An Ocean Passage: Rose Harbour (Queen Charlotte Islands) to Winter Harbour (Quatsino Sound, West Coast Vancouver Island). August 4-5.
27 August 2009 | Winter Harbour: 50 30.6 N, 128 01.4 W
Photo: Steve and Jigger, approaching Winter Harbour
"Queen Charlotte Sound, NW 15-25 knots." Those words on the weather radio were just what we wanted to hear the night before the 160 mile crossing from the Queen Charlotte Islands to the West Coast of Vancouver Island. Queen Charlotte Sound is called a "sound", but it is open to the west so from a practical standpoint we'd be doing an ocean crossing of a day and a half. We planned to sail south to Triangle Island off the northwest tip of Vancouver Island, then to Winter Harbour, the first major sound on the West Coast of Vancouver Island. By sailing out around Triangle Island we would avoid Scott Channel with its strong tidal currents.
By morning the forecast had changed to NW 20-30 knots, more than we liked but better than the 30-40 knots we'd been sailing in on the West Coast of the Charlottes. We headed east out the Houston Stewart Channel to Hecate Strait and turned south. At first the winds were light and the seas the usual short, steep and uncomfortable waves the Strait is known for. But as we left the Charlottes behind us, the seas turned to longer, more comfortable (comfortable is a relative term here, we were still doing plenty of rolling) swells and the wind speed picked up. The sky was overcast and hazy; Cape St. James at the southern tip of the Charlottes was only a distant smudge.

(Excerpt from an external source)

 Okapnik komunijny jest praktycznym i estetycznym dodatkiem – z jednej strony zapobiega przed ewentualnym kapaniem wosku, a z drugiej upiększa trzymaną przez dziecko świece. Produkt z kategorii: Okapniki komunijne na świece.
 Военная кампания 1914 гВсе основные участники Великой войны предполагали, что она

The northwest wind was directly behind us, which meant we had to go wing and wing. Because of the wind speed, we flew our self-tending jib, a small sail with a boom that's great upwind but when we pole it out downwind, the boom slams and bangs, threatening anyone working on the foredeck. In the Charlottes, we'd taken off the boom and sheeted it from the clew like a regular jib for better downwind sailing but we'd put the boom back on for this passage in case the wind turned to the south. A better sheeting system to allow us to use this sail upwind and downwind without the boom is definitely on our to-do list for the winter!
Just before dinner, I went below to wash the breakfast and lunch dishes that had piled up in the sink. I turned on the saltwater pump and was horrified to see it run pink and smell like antifreeze! The heat exchanger had failed. Steve immediately went into a planning mode and got out his computer to order a new one. He was worried about getting it fixed. I was just worried about getting to port! I imagined us drifting without wind off the Triangle Islands.

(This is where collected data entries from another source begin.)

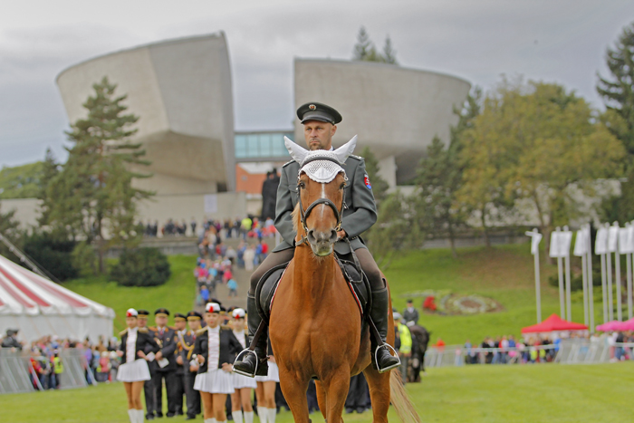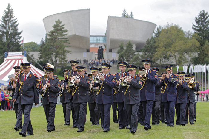 Začalo to veľkolepým sprievodom služieb Policajného zboru s koňmi vpredu s veliteľom a vlajkonosičom, mažoretkami a policajnými zložkami z Dolnej ulice cez Námestie SNP, Kapitulskú až pod Pamätník SNP, kde sa po 10:00 hod. konalo slávnostné otvorenie.
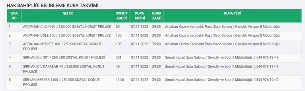 Çevre, Şehircilik ve İklim Değişikliği Bakanlığından, ilk kuraların Şırnak ve Ardahan'da çekileceği, kuraların, noter huzurunda gerçekleştirileceği ve canlı yayımlanacağı bilgisi verildi. Bugün Şırnak'ta bin 450, Ardahan'da 250 konut için kura çekimi yapılacak. Yarın Kars'ta bin 70, Siirt'e ise 903 konutun kura çekimi gerçekleştirilecek. Şanlıurfa'daki 7 bin 100 konut için 13-14-15 ve 16 Kasım'da kura çekimi yapılacak. 12 ilin kura takviminin belirlenmesinin ardından diğer illerdeki kura tarihlerinin de haftalık olarak açıklanması planlanıyor.
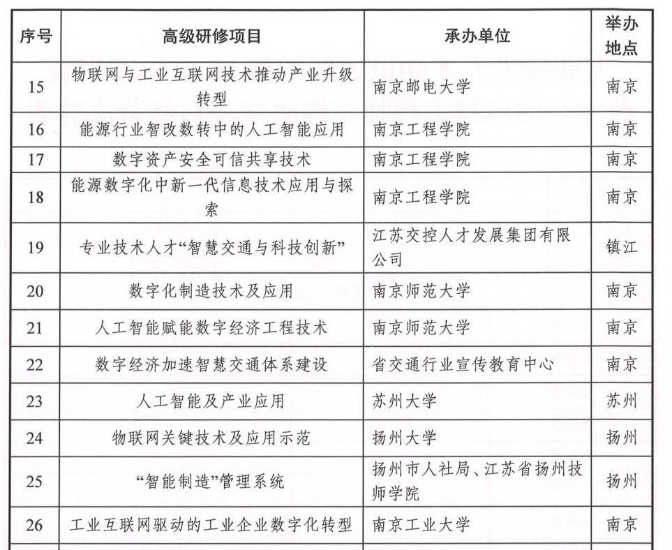 近日,江苏省人力资源和社会保障厅发布《关于印发专业技术人才知识更新工程2022年度省级数字经济卓越工程师高级研修项目计划的通知》(苏人社函〔2022〕414号),我校《能源数字化中新一代信息技术应用与探索》、《能源行业智改数转中的人工智能应用》、《数字资产安全可信共享技术》三个项目经组织申报、遴选等环节,成功入选省级财政资助培训项目。

Fortunately, the wind kept us sailing through the night and when we had to turn on the engine to charge the batteries, it didn't overheat. The issue, according to Steve, was getting seawater in the engine so we just had to limit the engine use.

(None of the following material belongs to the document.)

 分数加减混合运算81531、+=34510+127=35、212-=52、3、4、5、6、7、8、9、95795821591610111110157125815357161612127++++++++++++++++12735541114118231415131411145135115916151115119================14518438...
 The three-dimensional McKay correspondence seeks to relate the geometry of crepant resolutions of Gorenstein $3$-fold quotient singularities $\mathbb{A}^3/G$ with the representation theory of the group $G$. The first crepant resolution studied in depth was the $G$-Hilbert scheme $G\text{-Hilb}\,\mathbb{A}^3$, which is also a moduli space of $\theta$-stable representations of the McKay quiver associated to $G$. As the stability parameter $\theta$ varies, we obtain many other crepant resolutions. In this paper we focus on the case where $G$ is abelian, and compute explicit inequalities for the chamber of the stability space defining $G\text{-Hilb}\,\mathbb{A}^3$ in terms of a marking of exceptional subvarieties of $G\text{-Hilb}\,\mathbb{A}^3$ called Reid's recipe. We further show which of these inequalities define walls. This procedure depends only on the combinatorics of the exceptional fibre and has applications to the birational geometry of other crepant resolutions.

I had the early morning watch and as the wind slowly decreased, the fog moved in. I turned on the chart plotter and the radar every 10 minutes or so to check for traffic. But we were alone in this remote corner of the ocean. Sailing at night in the fog is something I have always feared, but I discovered it wasn't as terrifying as I thought it would be. Yes, you can't see but you can't see that you can't see. At 5 a.m. I watched the sails slowly emerge as white shapes out of the mist as the sky lightened.
As the fog lifted, the wind shifted to the south and although at first we were thankful we had left the boom on the jib, the wind moderated and soon we had to change to the larger jib anyway. We tacked down the coast in amazingly quiet seas. Our cat, Jigger, who had been hiding down below since we left Rose Harbour, finally emerged from his bunk to sit in his accustomed spot next to the chart plotter.
In the afternoon the email light came on and we turned on the computer to learn that friends Bob and Sherry Custer in their sailboat Ponderosa would be in Winter Harbour that night too. Outside Quatsino Sound the wind died and we motored in to tie up to Ponderosa. "Don't worry about dinner," Sherry said. "I'll make it. You deserve a rest." I can't think of a better ending to a crossing then dinner with friends.